アグニの口から吐き出された炎の奔流が、巨大な水の壁にぶち当たり大爆発を起こした。
しかし、その爆発もアグニのブレスも僕のウォーターウォールを突破するには至らなかったようだ。爆発の余波で飛び散った水がゲリラ豪雨のように降り注ぐ中、僕とアグニが見つめ合う。もうその顔には先ほどまでの余裕は見えない。ドラゴンの表情はわからないので、そんな気がするだけかもしれないが。
っと、その時、突然背中に衝撃を受け僕の身体がよろめいた。何とか前足を踏ん張り倒れることは阻止したのだが、その隙をアグニが逃すはずもなく飛びかかってきた。
満面の笑みを浮かべている……ように見えるアグニが、僕の顔めがけて前足を振り下ろす。その爪から首を捻って逃れようとしたが、躱しきれず首筋を引っかかれ血しぶきが舞い散った。
(痛い! っていうか今のはいったい?)
僕は首を切られた痛みで咄嗟に結界を張った。その判断は正しかったようで、追撃しようとしていたアグニの攻撃を防ぎ、距離を取ることができた。僕はアグニにから目を離さないようにしながら、背後の様子を確認する。先ほど背中に受けた衝撃の正体を確認するためだ。

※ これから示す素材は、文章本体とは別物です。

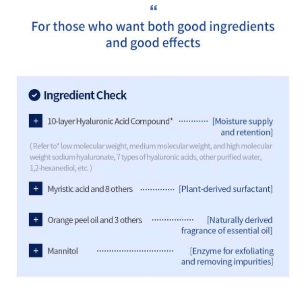 Water, Glycerin, Myristic Acid, Stearic Acid, Lauric Acid, Potassium Hydroxide, Palmitic Acid, Potassium Cocoyl Glycinate, Coco-Glucoside, Glyceryl Stearate, Acrylates/C10-30 Alkyl Acrylate Crosspolymer, Citrus Aurantium Dulcis (Orange) Peel Oil, Sodium Cocoyl Isethionate, Lavandula Angustifolia (Lavender) Oil, Arachidic Acid, Disodium EDTA, Pinus Sylvestris Leaf Oil, 1,2-Hexanediol, Oleic Acid, Quillaja Saponaria Bark Extract, Propanediol, Citric Acid, Mannitol, Sodium Hyaluronate, Benzyl Glycol, Hydrolyzed Glycosaminoglycans, Hydroxypropyltrimonium Hyaluronate, Sodium Hyaluronate Crosspolymer, Hydrolyzed Hyaluronic Acid, Ethylhexylglycerin, Sodium Acetylated Hyaluronate, Hyaluronic Acid, Hydrolyzed Sodium Hyaluronate, Potassium Hyaluronate
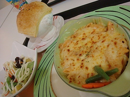 中午吃完白甘蔗涮涮鍋之後〞傲肖連〞的我跟文便跑回家去睡了午覺從二點多睡到四五點醒來後突然覺得肚子又餓了,打了電話給小辣椒,結果他今天要去大江想說順便跟他拿東西、也順便去吃東西本來只想吃個焗烤肉醬通心麵但加$60就有酥皮濃湯跟沙拉,貪心的我決定加$60沙拉…
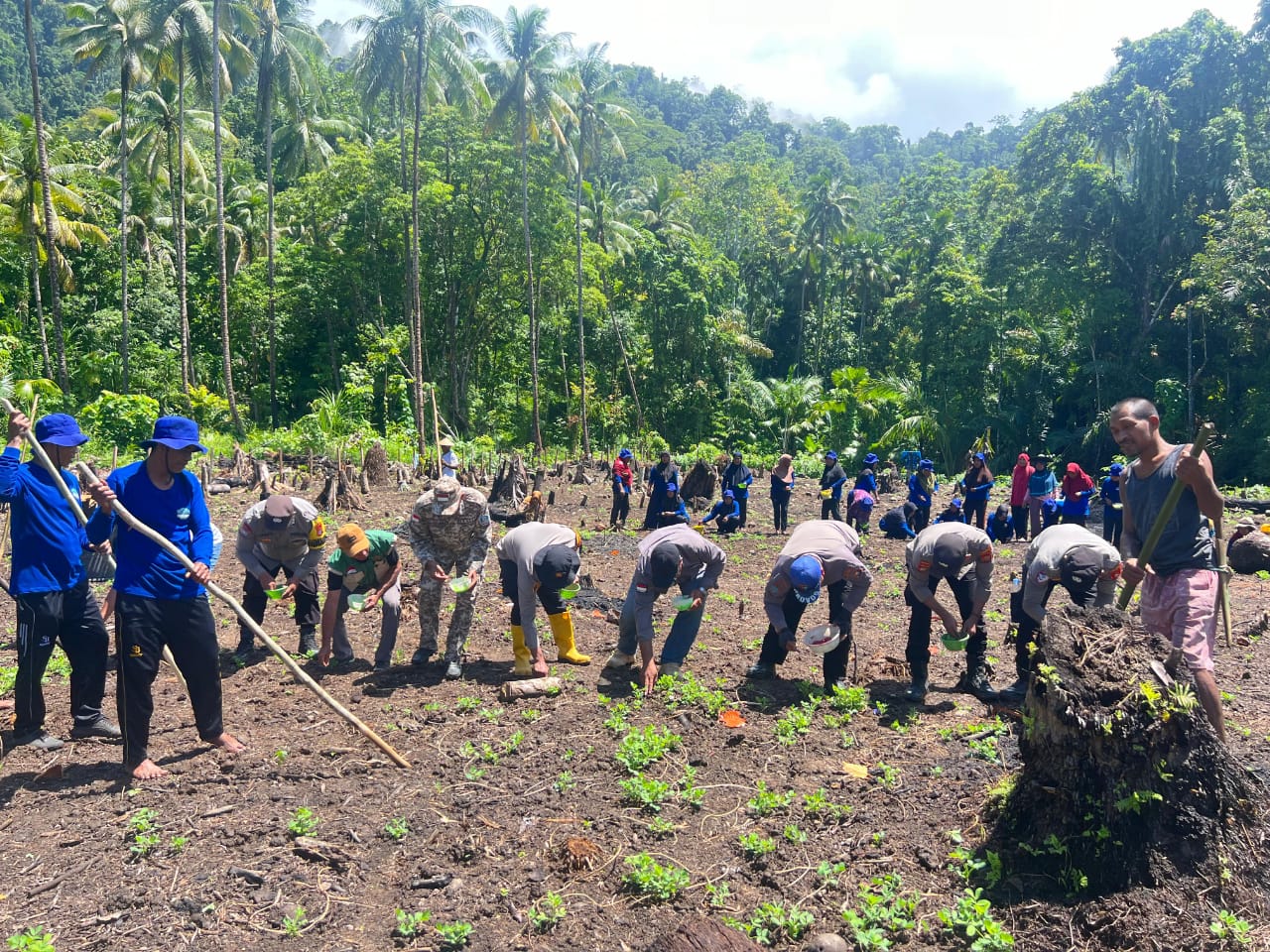 OpsiNews – Lahan Perkebunan Desa Moloku Kecamatan Gane Barat Utara Kabupaten Halmahera Selatan, Maluku Utara. Polsek Gane Barat beserta jajaran menghadiri Kegiatan Penanaman Jagung Hibrida oleh Kelompok Tani Desa Moloku Kecamatan Gane Barat Utara Pada hari Rabu Tanggal 04 Februari 2026.
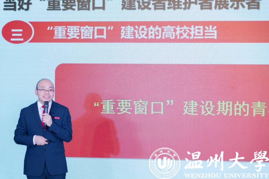 活动现场,温州大学马克思主义学院院长、教授、博导卓高生,为师生们带来《当好“重要窗口”的建设者、维护者、展示者》主题宣讲。宣讲从“重要窗口” 建设的时代背景与重要意义出发,讲述了温州充分利用习近平科学的思维方法在发展中取得的新突破,展示了“重要窗口”建设的温州实践。
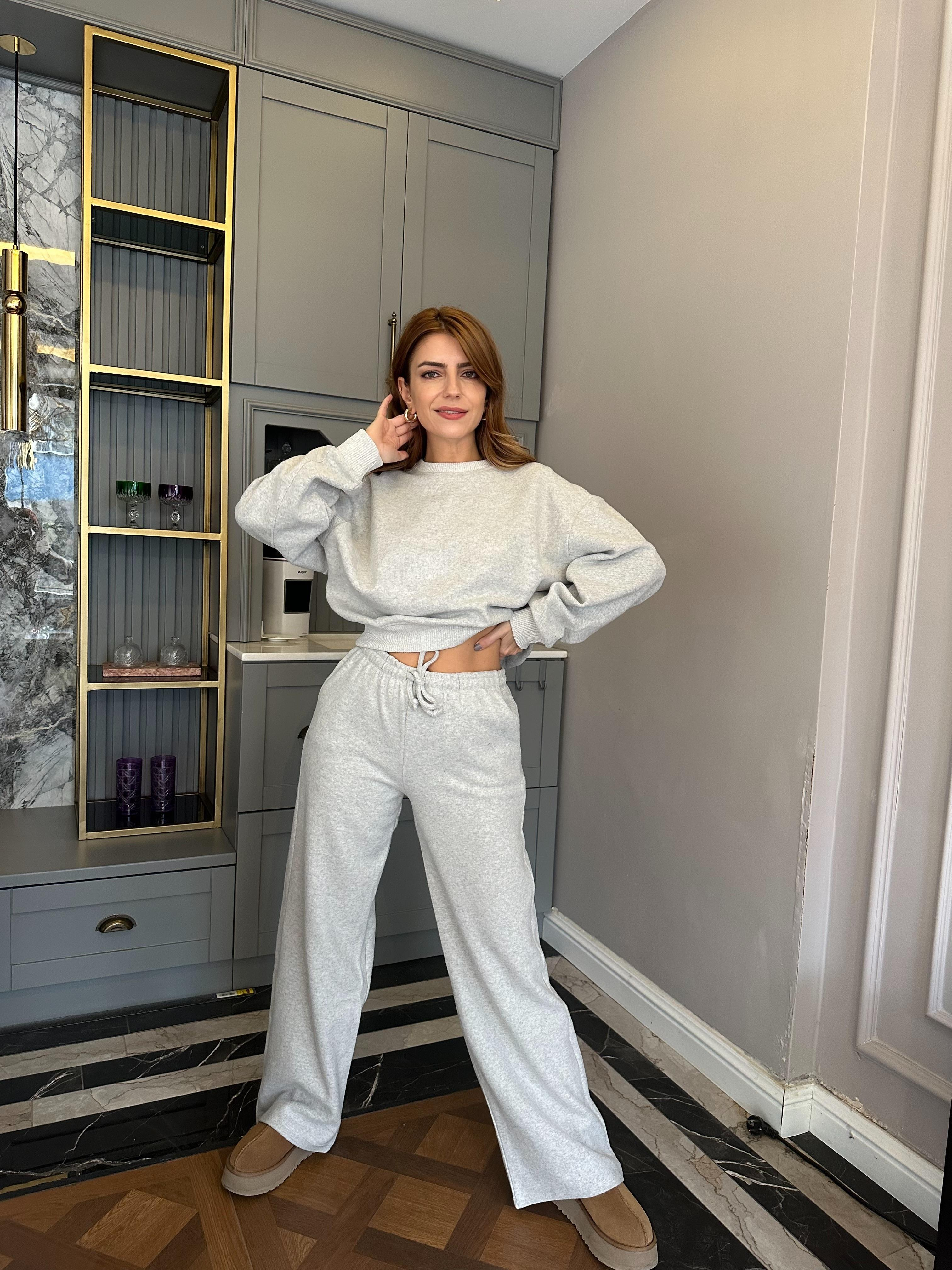 Pantolonlu TakımGri Ribanalı Selanik Kumaş Takım
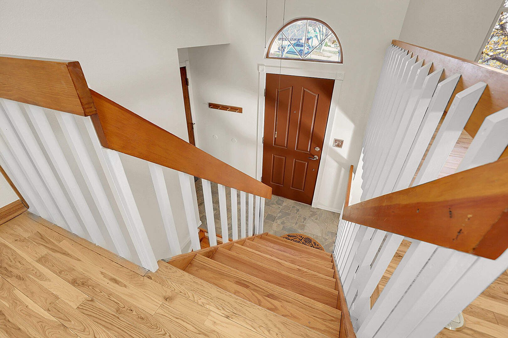 Drywall, Natural Light, Stairs, Wood Finish Floor, High Ceiling
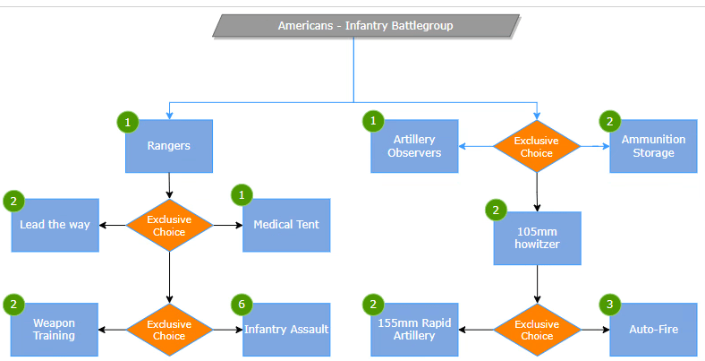 I wanted to enforce an infantry backed army with artillery support, the infantry contained in this battlegroup should be elite to seperate themselves from the core infantry of the American faction. The Rangers regiment should feel elite and unique from other infantry units, this was the core foundation for the battlegroup.

僕はアグニと戦いながらもクルドの様子もきちんと把握していたはずなのに、そちらから何かが飛んできたのだ。だが、クルドはナギニとヴォーラ相手に苦戦している。とてもじゃないがこちらを攻撃してくる余裕などなさそうだ。
(ではなぜ?)
僕が不思議に思っているとヴォーラからの念話が届いた。
〈す、すまない……〉
おまえかーい! 何と背後からの攻撃の正体はヴォーラのブレスでした。そりゃ僕も味方の攻撃までには気をつけてなかったわ。まさかフレンドリーファイアーとは……
背後からの衝撃の謎が解けてすっきりした僕は、自身の傷をエクスヒールで癒やしアグニとの第二ラウンドを再開した。